Description: © The Author(s), 2018. This article is distributed under the terms of the Creative Commons Attribution License. The definitive version was published in Journal of Geophysical Research: Oceans 123 (2018): 4853-4873, doi:10.1029/2018JC013888.

Description: The first full transarctic section of 228Ra in surface waters measured during GEOTRACES cruises PS94 and HLY1502 (2015) shows a consistent distribution with maximum activities in the transpolar drift. Activities in the central Arctic have increased from 2007 through 2011 to 2015. The increased 228Ra input is attributed to stronger wave action on shelves resulting from a longer ice‐free season. A concomitant decrease in the 228Th/228Ra ratio likely results from more rapid transit of surface waters depleted in 228Th by scavenging over the shelf. The 228Ra activities observed in intermediate waters (〈1,500 m) in the Amundsen Basin are explained by ventilation with shelf water on a time scale of about 15–18 years, in good agreement with estimates based on SF6 and 129I/236U. The 228Th excess below the mixed layer up to 1,500 m depth can complement 234Th and 210Po as tracers of export production, after correction for the inherent excess resulting from the similarity of 228Ra and 228Th decay times.
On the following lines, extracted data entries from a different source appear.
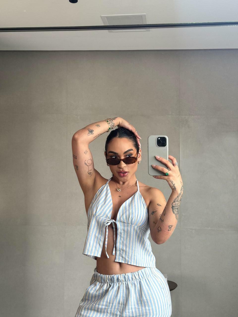 O design do Conjunto Bahamas é fresco, elegante e estiloso, tornando-o perfeito para diversas ocasiões, desde um passeio casual até um evento mais formal. Combine com acessórios sofisticados, como uma bolsa de palha e sandálias de tiras, e esteja pronta para brilhar onde quer que vá.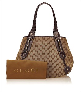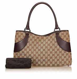 Handtasche, Guccissima Jacquard Tote Bag, 2 Leder-Trageriemen, mit silbernen Goldringen, Stoff mit Guccissima Monogramm, seitl. eingesetztes Leder, 4 silberfarbene Füße, Magnetknopf, dunkelbrauner Innenstoff, 1 Fülltasche, 1 Seitentasche mit Reißverschluss und Leder-Emblem, Gucci Prägung und ID Nr., mit Orig.-Staubbeutel, B: 35 cm, H: 23 cm, T: 5 cm, neuw. Zust.
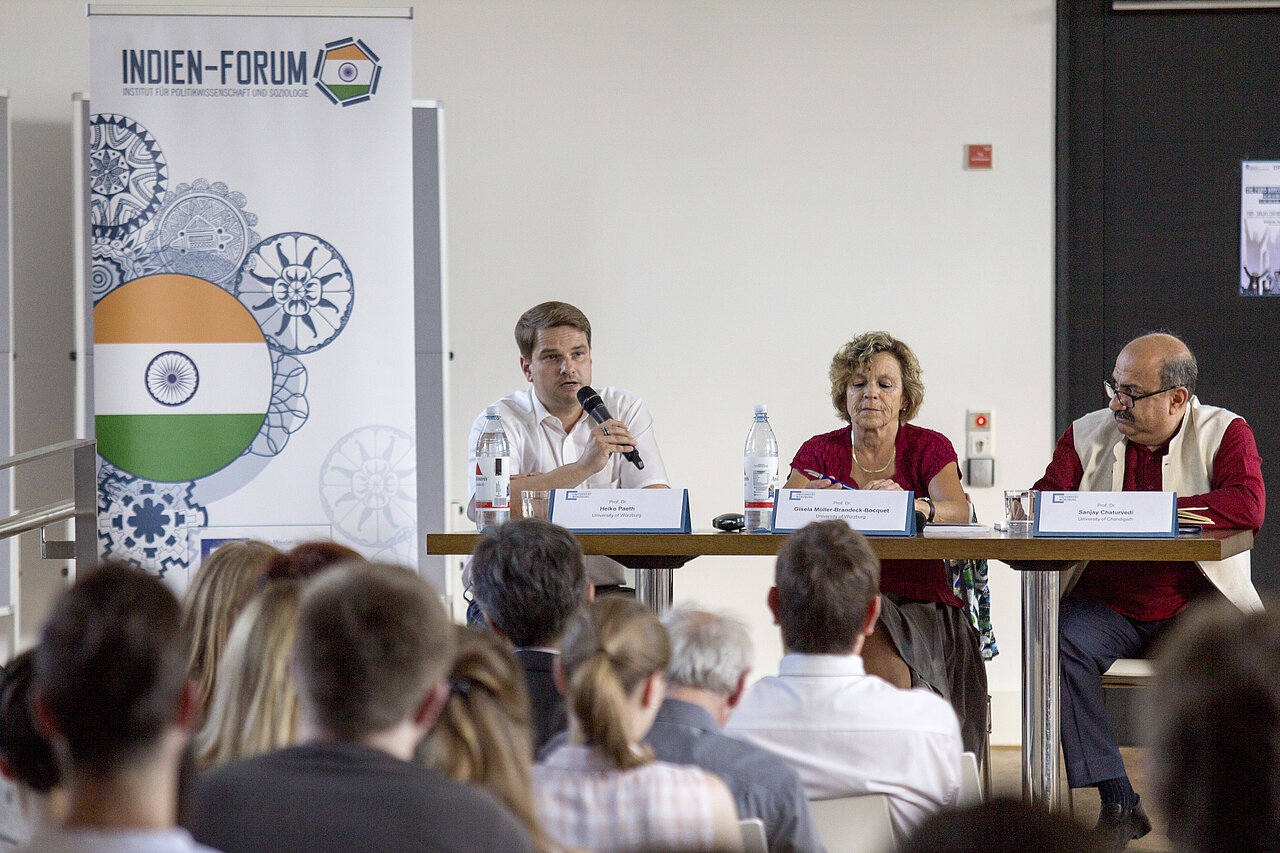 Nach diesen Anfangsstatements leitete Prof. Müller-Brandeck-Bouquet die nun folgende Debatte mit der provokanten Aussage ein, das Pariser Abkommen sei ein Opfer von Klima-Reduktionismus à la Mike Hume geworden. Prof. Chaturvedi stimmte dem teilweise zu und warnte in diesem Zusammenhang vor einer Determination des politischen Diskurses durch den Klimawandel. Dies zu verhindern, sei seiner Ansicht nach ein wichtige Frage für die Sozialwissenschaften. Die Forderung nach einer größeren Rolle der Sozialwissenschaften betonte er auch, als Prof. Müller-Brandeck-Boucquet die Rolle von Demographie und Bevölkerungswachstum hinsichtlich des Klimawandels in die Diskussion einbrachte. Durch die demographischen Konsequenzen des Klimawandels wie beispielsweise Klimaflucht komme es, so Prof. Chaturvedi, derzeit zu einer „Versicherheitlichung“ des Klimawandels. Um derartige Aspekte in der Forschung angemessen berücksichtigen zu können, forderte er daher eine „social natural science“ und betonte auch hier die Rolle der Sozialwissenschaften in der Suche nach politischen Lösungen für den Klimawandel. Den Sozialwissenschaften käme nicht zuletzt deshalb eine so große Rolle im Ringen um eine Rettung des Weltklimas zu, weil, wie Prof. Müller-Brandeck-Bouquet es formulierte, die Unterzeichnung bindender Abkommen durch alle Staaten nicht zu erwarten sei, nicht-bindende Abkommen aber keine weit genug reichenden Konsequenzen hätten.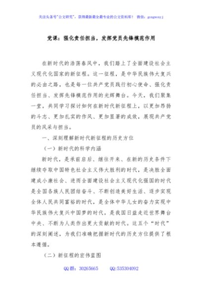 / 党课:强化责任担当,发挥党员先锋模范作用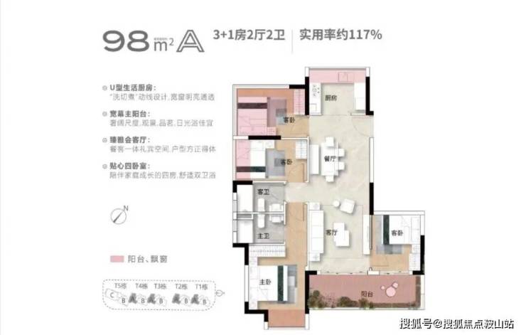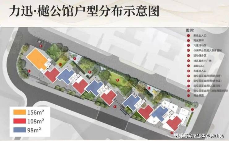 整个项目有5栋10层南向板楼,三个户型分别是98平、108平和156平,全四房设计。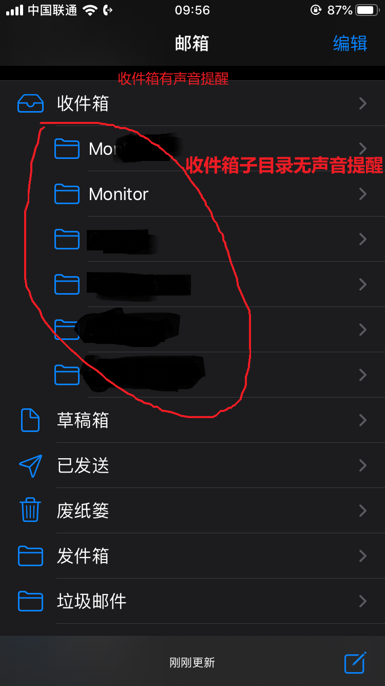 ios13.1 Exchange邮件服务器推送已被分组到收件箱子文件夹的邮件,没有声音提醒。

We show with a Th/Ra profile model that the 228Th/228Ra ratio below 1,500 m is inappropriate for this purpose because it is a delicate balance between horizontal supply of 228Ra and vertical flux of particulate 228Th. The accumulation of 226Ra in the deep Makarov Basin is not associated with an accumulation of Ba and can therefore be attributed to supply from decay of 230Th in the bottom sediment. We estimate a ventilation time of 480 years for the deep Makarov‐Canada Basin, in good agreement with previous estimates using other tracers.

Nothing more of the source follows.